Matthews, Airea D. Simulacra. Yale Univ. ( Younger Poets). Mar. 2017. 104p. ISBN 9780300223972. $45; pap. ISBN 9780300223965. $20. POETRY

“Desire is spacious/ Want’s in the DNA.” And want, which dominates Rona Jaffe winner Matthews’s first collection, chosen by Carl Phillips for the “Yale Series of Younger Poets,” is a bred-in-the-bone burden that both torments and enlightens. “You are the water and you are very, very thirsty,” says one poem tellingly; another proclaims, “Welcome, Dark-Light” as owls screech. But all is not gloomy, for there’s manic, witty energy throughout and delight in the play of form and language. The poems range widely, from numerous examples of Anne Sexton texting (“Turn, my hungers,” says the first one) to fables about a dentist’s wife who offers up her teeth, a mine owner’s wife nightly ritualized dinner with her husband, and Want itself coming on as a bad-mannered accoster. The opening poem is titled “Rebel Prelude,” and upset-the-apple-cart intentions reverberate throughout. VERDICT Matthews takes risks here and sometimes gets out of line, but this imaginative work will attract anyone who reads poetry seriously.

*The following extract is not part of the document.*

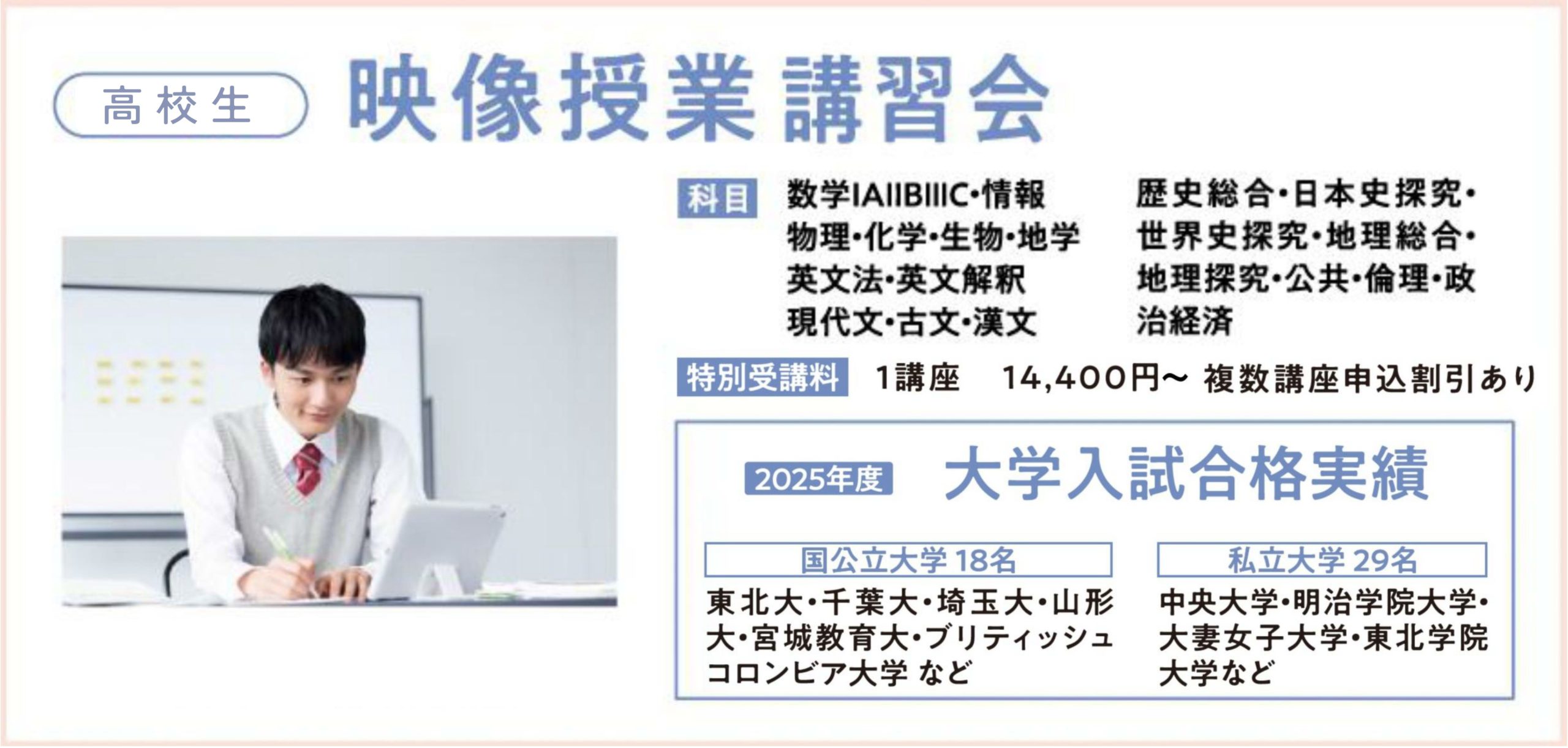 あすなろ学院・高校生コースの講習会は、首都圏の予備校で活躍するトップ講師の映像授業が受講し放題です。

Parker, Morgan. There Are More Beautiful Things Than Beyoncé. Tin House. Feb. 2017. 80p. ISBN 9781941040539. pap. $14.95; ebk. ISBN 9781941040546. POETRY

Cheeky and luscious yet ever aching, this collection from therebeyonce.jpg21417Pushcart Prize winner Parker (Other People’s Comfort Keeps Me Up at Night) uses a tough vernacular to unfold the story of a black woman. She’s sybaritic with a reason (“When I drink anything/ out of a martini glass/ I feel untouched by/ professional and sexual/ rejection”), battles anguish her way (“I could die any minute of depression/ I just want to have sex most of the time”), and sees the world measuring her harshly even as she measures herself (“I’m not woman enough for these days”). In her quest, Beyoncé serves as touchstone, both dream icon and arguing point (see the title), and it’s refreshing to see her entertain possibilities (“Today your open eyes are two fresh buds/ anything could be waiting”) as she tiptoes through the “garden of soiled panties.” VERDICT Passionate and engaged, honest yet not earnest, this work has the occasional stretched phrase but is highly recommended.

White, Allison Benis. Please Bury Me in This. Four Way. Mar. 2017. 72p. ISBN 9781935536833. pap. $15.95. POETRY

Like White’s Small Porcelain Head, an ethereal but tough-minded exploration of a friend’s suicide that was an LJ Best Poetry Book, this new work confronts mortality in the lucid, meditative strings of sentences that are the hallmark of this excellent writer. In fact, the work is dedicated to her late father and to the four women she knew who took their lives. “I am writing you this letter,” she explains, and throughout there’s a sense of her trying to understand (“I can only imagine…death as not thinking”), acknowledging her inadequacy to the task (“these words, their spectacular lack”), yet needing to persist in the face of death’s opacity and her own solitude (“we must make meaning to survive”). There is meaning here, even as the poet concedes, “I talk to emptiness”; throughout, one senses the transformative power of writing. VERDICT Poetry has always wrestled with death as both dark lure and terrifying unknown, and White’s contribution is heartfelt and true, both deeply personal and embracing.